Kieron Niven, Archaeology Data Service / Digital Antiquity, Guides to Good Practice

File formats

A number of issues will be discussed below in reference to specific file formats but, in general terms, there are two areas of concern for archives that can be discussed in reference to text documents as a whole. The first of these, as is also seen in relation to a wide number of file formats, is the continually developing nature of formats used by word processing packages. Aside from the possibility of receiving files produced by now defunct software (e.g Wordstar), the continual development and enhancement of formats used by currently popular word processing packages often results in incompatibility between older versions of a file and the current version of the software. As mentioned above, the current move towards XML-based open standard formats such as .docx and .odt has been an attempt both to standardise these formats and to allow different software packages to read non-native formats. To some extent a similar problem has also been apparent with the PDF format and, again, the recent move towards an open standard (PDF/A [1]) has been an attempt to address these long term access issues.

Embedded objects

In addition to the file formats themselves, there are general concerns regarding the ability to embed content within text documents and the implications this has for preserving such content in the long term within the original document format.

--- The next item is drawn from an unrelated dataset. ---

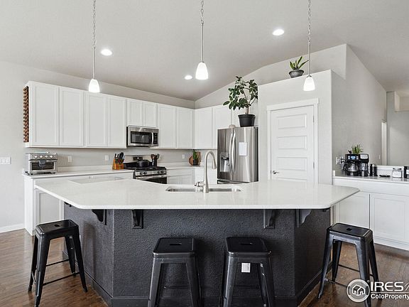 This open floor plan ranch-style home is perfect for entertaining, yet has a recreational (full finished) basement for a nice retreat. Enjoy cooking in the open kitchen boasting classy white cabinets (soft close) with white quartz countertops including a spacious flat top island, complete with a coffee bar area. Cook like a pro with the upgraded gas stainless steel stove. With 5 bedrooms, you can find the convenience of laundry and 3 bedrooms on the main floor, with remaining 2 bedrooms in the basement. Radon passive system is in place for peace of mind. Close to Centerra Shopping Center, yet also close to downtown Loveland. Take some chill time at the neighborhood clubhouse with a pool, hot tub and exercise room. Doesn't back to a neighbor!
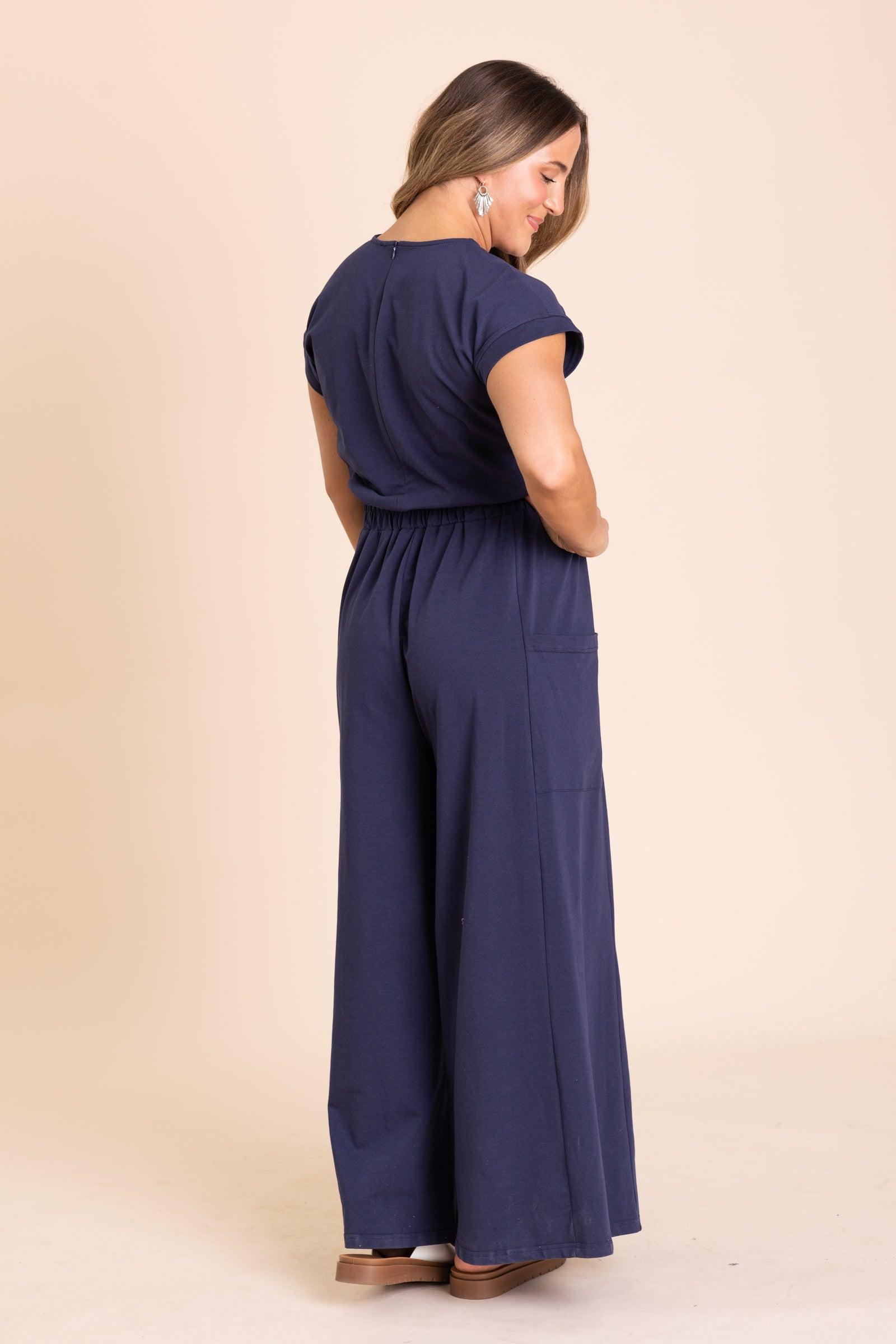 Product Details Colors: Navy Print: Solid Neckline: Round Sleeves: Short Sleeves Hemline: Straight Brand: Jodifl Material and Care 80% Cotton 20% Polyester Hand Wash Cold Line Dry Size and Fit Small: Bust 38" Waist 28" Rise 16" Inseam 27" Length 58" Medium: Bust 40" Waist 30" Rise 15.5" Inseam 26" Length 58.5" Large: Bust 42" Waist 32" Rise 16" Inseam 26" Length 59" Model is 5'7 and is wearing a size small

The most common type of embedded content is arguably images although in certain formats, most notably Microsoft Word and PDF, more complex content such as spreadsheets and video can be stored with the text document itself and often in a format which should be deposited and archived separately. It is generally recommended that, in addition to embedding, such content is stored and archived separately thereby retaining the original qualities of the content (e.g. image resolution) and allowing it to follow a separate archival strategy to the textual content.